## [Data in this exercise]

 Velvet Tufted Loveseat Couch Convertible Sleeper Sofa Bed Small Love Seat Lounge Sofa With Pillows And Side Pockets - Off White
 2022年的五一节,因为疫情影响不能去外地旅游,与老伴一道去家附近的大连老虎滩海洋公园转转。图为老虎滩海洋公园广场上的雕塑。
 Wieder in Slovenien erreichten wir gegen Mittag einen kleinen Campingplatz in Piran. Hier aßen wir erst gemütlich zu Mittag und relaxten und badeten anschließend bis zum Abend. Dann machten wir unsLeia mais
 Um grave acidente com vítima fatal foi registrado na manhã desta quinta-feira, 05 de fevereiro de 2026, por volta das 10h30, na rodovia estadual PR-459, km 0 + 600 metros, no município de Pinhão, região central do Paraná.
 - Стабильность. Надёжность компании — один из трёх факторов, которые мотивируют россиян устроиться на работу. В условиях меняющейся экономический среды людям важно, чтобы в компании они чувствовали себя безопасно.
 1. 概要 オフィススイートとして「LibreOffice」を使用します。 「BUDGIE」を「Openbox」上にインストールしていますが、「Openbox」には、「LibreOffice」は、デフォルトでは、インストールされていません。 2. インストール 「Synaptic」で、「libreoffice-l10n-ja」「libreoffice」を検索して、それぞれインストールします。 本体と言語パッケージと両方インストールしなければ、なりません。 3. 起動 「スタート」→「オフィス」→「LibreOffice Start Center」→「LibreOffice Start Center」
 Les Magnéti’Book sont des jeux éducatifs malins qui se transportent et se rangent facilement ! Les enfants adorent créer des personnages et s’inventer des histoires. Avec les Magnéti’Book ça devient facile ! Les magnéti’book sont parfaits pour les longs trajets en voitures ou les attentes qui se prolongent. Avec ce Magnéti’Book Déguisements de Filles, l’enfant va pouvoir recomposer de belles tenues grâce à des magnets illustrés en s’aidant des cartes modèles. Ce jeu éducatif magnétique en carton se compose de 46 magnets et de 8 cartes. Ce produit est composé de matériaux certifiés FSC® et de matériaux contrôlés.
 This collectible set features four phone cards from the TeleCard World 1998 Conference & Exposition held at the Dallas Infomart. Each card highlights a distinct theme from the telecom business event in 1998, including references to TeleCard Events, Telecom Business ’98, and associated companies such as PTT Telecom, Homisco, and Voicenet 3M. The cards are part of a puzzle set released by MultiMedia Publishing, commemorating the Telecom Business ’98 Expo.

## [Exercise prompt]
Please print, exactly and with nothing else, the lines from the first line of the entries through the line containing "Um grave acidente".

## [Response for this exercise]
 Velvet Tufted Loveseat Couch Convertible Sleeper Sofa Bed Small Love Seat Lounge Sofa With Pillows And Side Pockets - Off White
 2022年的五一节,因为疫情影响不能去外地旅游,与老伴一道去家附近的大连老虎滩海洋公园转转。图为老虎滩海洋公园广场上的雕塑。
 Wieder in Slovenien erreichten wir gegen Mittag einen kleinen Campingplatz in Piran. Hier aßen wir erst gemütlich zu Mittag und relaxten und badeten anschließend bis zum Abend. Dann machten wir unsLeia mais
 Um grave acidente com vítima fatal foi registrado na manhã desta quinta-feira, 05 de fevereiro de 2026, por volta das 10h30, na rodovia estadual PR-459, km 0 + 600 metros, no município de Pinhão, região central do Paraná.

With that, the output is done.